Inspiration – Enable users to create new ML models, adapt existing ones, or develop custom datasets that support their unique goals.
Education – Bridge the gap between machine learning, AI, and real-world educational applications.
Access – Make it easier to collaborate, share data, and build on the work of others across the broader learning engineering ecosystem.

Note that many of the datasets below were produced by the Learning Agency Lab. That organization is in the process of sunsetting and so the Learning Agency will maintain those datasets to ensure they remain publicly accessible.

Available Datasets

The datasets below reflect these principles in action, designed to power real-world solutions across writing assessment, reading comprehension, privacy protection, and game-based learning. Each dataset is open-source, well-documented, and ready to support a variety of research, product development, and applied AI use cases.

All datasets have been created through data science competitions or research collaborations and are available to download in accessible formats like CSV or XLSX. They are each licensed under CC BY 4.0, allowing for reuse, adaptation, and redistribution with proper attribution.

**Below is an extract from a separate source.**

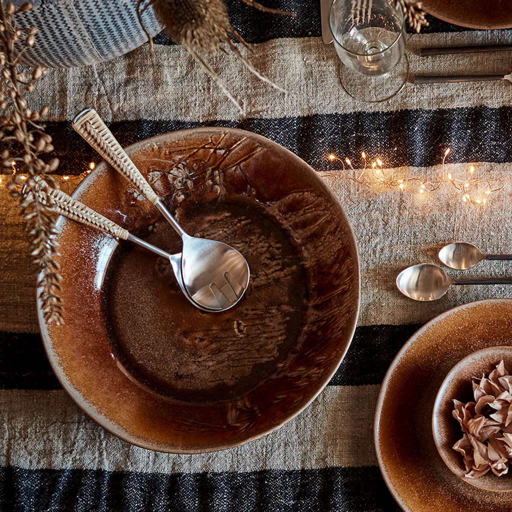La Fuente cerámica Annabelle de Affari of Sweden es una fuente honda y ensaladera preciosa y versátil de cerámica esmaltada y con un grabado de lo más delicado, con la que servir con elegancia cualquier receta. Su profundidad y amplitud te ofrece la capacidad ideal para servir desde una ensalada verde, de pasta, arroz o legumbres a una fuente maravillosa en la que servir tu carne asada, unas tostas de pan o usarla como frutero. Su bonito color terracota con un sutil degradado, llenará tu mesa de estilo y calidez en cualquier momento y celebración.

The current collection includes seven datasets covering key areas in education:

- Quest – Reading comprehension question pairs used to train generative models for educational content
- Jo Wilder – Game interaction logs used to analyze student engagement and predict learning outcomes
- PERSUADE – Annotated student essays highlighting argumentative structure, rhetorical elements, and quality ratings
- KLICKE – Keystroke logs capturing real-time writing process data, including pauses, deletions, and bursts
- AIDE – A collection of student and AI-generated essays used to train models that detect LLM-written content
- PIILO – Student writing annotated for personally identifiable information to support privacy-preserving model development
- ASAP 2.0 – Student argumentative essays with holistic scores to support equitable, automated writing assessment and reduce bias in model development.
- College Readiness Math Questions – SAT-style math questions with expert annotations to support automated skill assessment and question generation.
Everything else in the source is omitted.